Greek, Hairy, Naked Man, or GHNM, as I named him, treated me like every Greek man in the neighborhood seemed to treat women: as lesser objects. Since I grew up around European men, I could spot this attitude a mile away. Even my landlord took this stance. He spoke only to Tim and never returned my calls. I'm surprised he didn't pat my head when he saw me and tell me to run along. GHNM would only nod to me every so often with a look of embarrassment. I sensed the embarrassment came not from me catching him in his skivvies, but from the fact that he felt obligated to nod to me. I saw GHMN in his underwear about three times a week. He took out the trash, or swept the hallway, or ran up to the roof. Tim was lucky enough not to witness the spectacle, and every time I caught GHMN he shrank back into his apartment.

One day, I heard barking and whimpering in the hallway. I looked out of my peephole and saw a dog tied to a short leash. I went out to pet it, and it wagged its tail and seemed to grin at me. I stayed in the hallway for a few minutes, when Elena opened the door and said, "You like our dog?" I nodded, then shrank back into my apartment. Each day when I returned home from work that week, the dog was tied up in the hallway. It got so excited when Tim and I passed by it, and we were getting worried about the poor dog.

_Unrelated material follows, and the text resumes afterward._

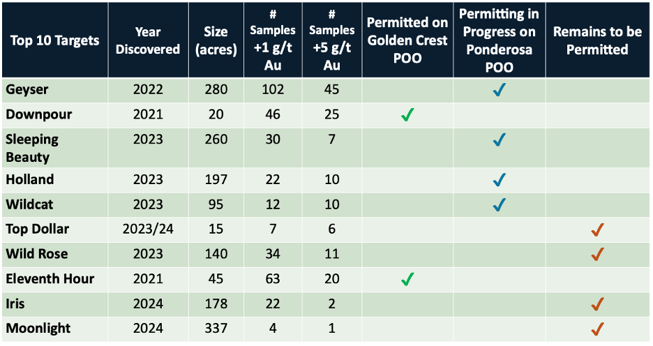 Solitario has identified ten high priority surface targets as shown in the table below. Two of the targets, Downpour and Eleventh Hour, were drilled this year. Four new targets are currently being permitted and are scheduled to be drilled in 2025. The other four high-priority targets may undergo future permitting following further review. In addition to the ten currently defined high-priority targets, Solitario has identified another dozen promising target areas that require additional surface exploration work. Furthermore, Solitario's future drilling has the potential to intersect the highly prolific Homestake formation, situated below the lower Deadwood formation.

As the weeks went by, the dog was in the hallway more and more, and was rarely let in GHNM's apartment. Once in awhile GHNM would come out in his underwear and let the dog out onto the roof. He would leave the dog up there, then go back into his apartment for half an hour before retrieving it. This became a routine, and often, I heard the dog running back and forth on the roof above me, sounding like a herd of elephants.

I worried about the dog constantly, trying to figure out how to report my neighbors for animal abuse. My landlord would side with them since they were Greek, I thought, and if I approached my neighbors, they very well might turn into the neighbors from hell. And I've had my share of them.

It dawned on me that GHNM never walked the dog, and that the dog was probably relieving itself on the roof. I was tense every time I heard their apartment door open. Every time the dog barked my heart pounded fast. I didn't know what to do; my sanity was in jeopardy again. One morning, two hours before my alarm went off, the dog was on the roof, running back and forth. I got up, cursing under my breath, and looked out of the peephole.

When GHNM opened the door, I pounced on him. I don't know what I said in my moment of blinding anger, but his faced turned three shades of red, as I screamed profanities at him, accused him of animal abuse and threatened him if the dog went up on the roof again.

Surprisingly, he began to walk his dog. However, he would completely ignore me when he saw me, which was ok by me. I still had to bear the underwear show, and see the dog tied to the banister. Tim finally reported the situation to the landlord, who made the couple give the dog away. I still don't know what happened to it, but it had to be in a better place.

After that incident, we rarely saw our neighbors. As the weather got colder, GHNM wore more than underwear and stayed in his apartment. One Saturday, three people my age were moving furniture into the apartment across the hall. I couldn't believe it! Elena and GHNM slipped out while we weren't looking.

Our neighbors clearly came from Manhattan, and I was thrilled. I could bet they wouldn't tie up animals in the hallway. But as I lay down to bed that night, I heard the distant, familiar bass pumping through the wall, and thanked God I had chosen the smaller bedroom farthest away from their apartment.